Antitrust & Competition Policy Blog

Editor: D. Daniel Sokol
University of Florida
Levin College of Law

Friday, February 19, 2010

Single-Firm Conduct: A Discipline in Search of Itself (Try with Google?)

Posted by D. Daniel Sokol

Roberto Pardolesi, Libera Università degli Studi Sociali (LUISS) Guido Carli and Luca Arnaudo, Libera Università degli Studi Sociali (LUISS) Guido Carli have written on Single-Firm Conduct: A Discipline in Search of Itself (Try with Google?).
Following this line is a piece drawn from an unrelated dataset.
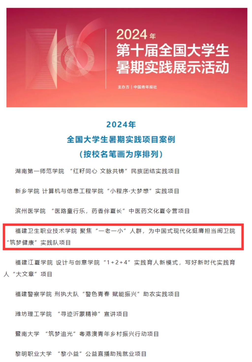 近日,由中國(guó)青年報(bào)社主辦的2024年第十屆全國(guó)大學(xué)生暑期實(shí)踐展示活動(dòng)案例發(fā)布。公共衛(wèi)生與健康管理學(xué)院“筑夢(mèng)健康”實(shí)踐隊(duì)項(xiàng)目——“聚焦‘一老一小’人群,為中國(guó)式現(xiàn)代化挺膺擔(dān)當(dāng)”入選全國(guó)大學(xué)生暑期實(shí)踐項(xiàng)目案例。
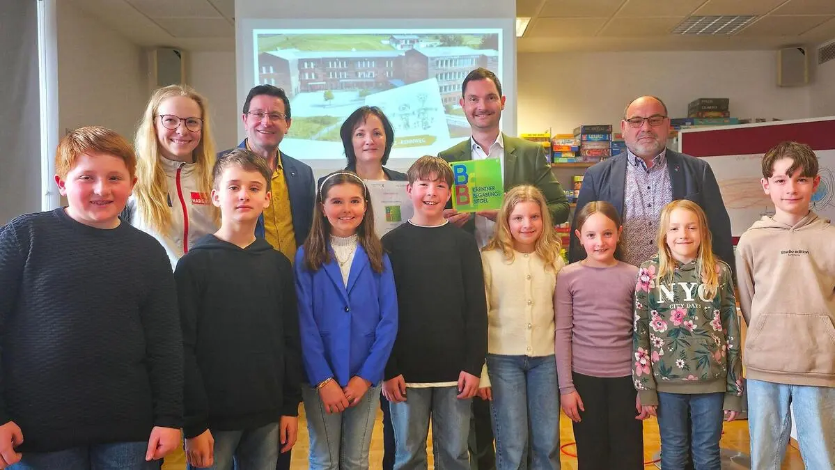 Schüler und Schülerinnen des Bildungszentrums Rennweg nahmen das Begabungssiegel von Landesrat Peter Reichmann entgegen

ABSTRACT: This paper analyzes US and EU antitrust policies towards abusive unilateral conduct pursued by a dominant firm and strongly criticize them, aiming at finding a more reliable assessment of the basic issues of consumer's exploitation and rival's exclusion. In fact, the discipline of unilateral conduct denounces widespread inconsistencies related to its conceptual foundations. The American side does not recognize exploitation as a form of abusive conduct for the dominant firm: excessive pricing is no issue in the US antitrust environment, and Supreme Court jurisprudence from Trinko to linkLine makes crystal clear that setting a more-than-competitive price not only escapes prohibition, but is the award reserved for the winners of the struggle in the market arena. Article 82 (a) of the EC Treaty forbids the imposition of unfair purchase or selling prices or other unfair trading conditions, but Commission's case law and policy statements (e.g. the 2008 Guidance Paper on Commission enforcement priorities in applying Article 82) have greatly emphasized exclusionary effects, with exploitative effects appearing to be little more than a sideshow. This practical emasculation of the relevant discipline makes little sense either in economic or legal terms, and leaves the overall conceptual picture in a state of complete disarray, with direct consequences on the legal enforcement. The many antitrust issues arising from the Google Books Settlement case are a good occasion to verify the sustainability of the antitrust policy towards single-firm conduct previously discussed: more in details, the risks of future excessive pricing stemming from the approval of the settlement led many commentators, as well as the US Department of Justice, to reconsider the award-of-the-winner theory. The paper also addresses this topic and try to offer a sound overview of it.